As several national music writers have remarked, they don’t really celebrate “the South” as much as deconstruct it, emotionally and musically, and they don’t sound like any other bands in the Americana camp right now, or in the slow-rock camp. They reconnect the pieces in new ways, hard as that is to do, as the songs take on some very different “voices” from one another. Heather McEntire strikes me as a female counterpart to Ryan Adams, writing and playing scruffy, unkempt songs with a wistful, sometimes aching, melancholy, and unique charm that often mirrors their creator.
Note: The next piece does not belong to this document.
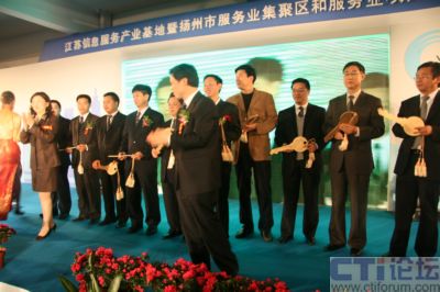 4月21日,江蘇信息服務(wù)產(chǎn)業(yè)基地暨揚州市服務(wù)業(yè)集聚區(qū)和服務(wù)業(yè)項目推介洽談會在江蘇信息服務(wù)產(chǎn)業(yè)基地(揚州)隆重召開,省信息產(chǎn)業(yè)廳副廳長龔懷進(jìn)、揚州市委常委、常務(wù)副市長張京霞為省信息安全技術(shù)中心揭牌,中國網(wǎng)通集團(tuán)公司總工程師滕勇,神州數(shù)碼高級副總裁陳勇,上海萬得信息股份董事長陸風(fēng)等數(shù)十位集團(tuán)公司老總現(xiàn)場祝賀,同時IBM、AVAYA、優(yōu)勝資訊、神州數(shù)碼等60多家企業(yè)現(xiàn)場簽定了投資合作協(xié)議,而華潤通信、中國電信、酒店無憂、漢世紀(jì)等10家企業(yè)則從廣陵區(qū)委書記孔令俊手中接過了入駐金鑰匙,成為首批入駐江蘇信息服務(wù)產(chǎn)業(yè)基地的企業(yè),至此江蘇信息服務(wù)產(chǎn)業(yè)基地迎來首發(fā)項目招商的“開門紅”,江蘇信息服務(wù)產(chǎn)業(yè)基地也因此被業(yè)界冠以中國首家專業(yè)定位信息呼叫和數(shù)據(jù)處理產(chǎn)業(yè)的“中國聲谷”的美譽。 “江蘇信息服務(wù)產(chǎn)業(yè)基地(揚州)”位于廣陵新城內(nèi),為省信息產(chǎn)業(yè)廳與揚州市政府聯(lián)手打造的中國首家專業(yè)定位于呼叫信息和數(shù)據(jù)處理產(chǎn)業(yè)的省級信息服務(wù)業(yè)基地,占地2.52平方公里,總投資50億元,處于揚州ECBD核心區(qū)域,交通便捷,區(qū)位優(yōu)勢獨特,生態(tài)環(huán)境優(yōu)美;匕凑铡爱a(chǎn)業(yè)社區(qū)”的標(biāo)準(zhǔn)和“商務(wù)公園”的理念規(guī)劃建設(shè),重點發(fā)展信息服務(wù)產(chǎn)業(yè)及具有揚州特色的城市信息化應(yīng)用軟件和嵌入式軟件產(chǎn)業(yè),立足長三角、面向全國、服務(wù)世界,逐步發(fā)展成為全國乃至世界呼叫中心產(chǎn)業(yè)最佳實踐基地、全國生產(chǎn)性服務(wù)業(yè)的標(biāo)桿示范基地及呼叫中心人才培訓(xùn)與派遣基地。

Indigo Girls’ Amy Ray called her “the godchild of Dolly Parton, Bjork, Sinead and someone I can’t put my finger on…” That says a lot right there. As each song lays out its part of the patchwork you’re persuaded to follow along as the multi-patterned quilt comes together.

“Social Wedding Rings” is a groovy, catchy neo-folk rocker and “Old Gowns” is a weary alt-country slo-core throwback with a bleeding violin by Daniel Hart and a stirring vocal by McEntire, but they really blow the lid off the album with the centerpiece “Lament,” a sparse, seductive and utterly irresistible song. The strangely cold and hard-as-nails lyrical resignation set against a bouncing beat, it’s two and a half minutes of near-perfection. If this song doesn’t lure you in, at least a little bit, you should check to see if you have a pulse. It’s one of the songs of the year, and something that will be blasting out of my wife’s new Camaro convertible this summer. This album sneaks up on you with an intense quietness that becomes louder with each subsequent spin.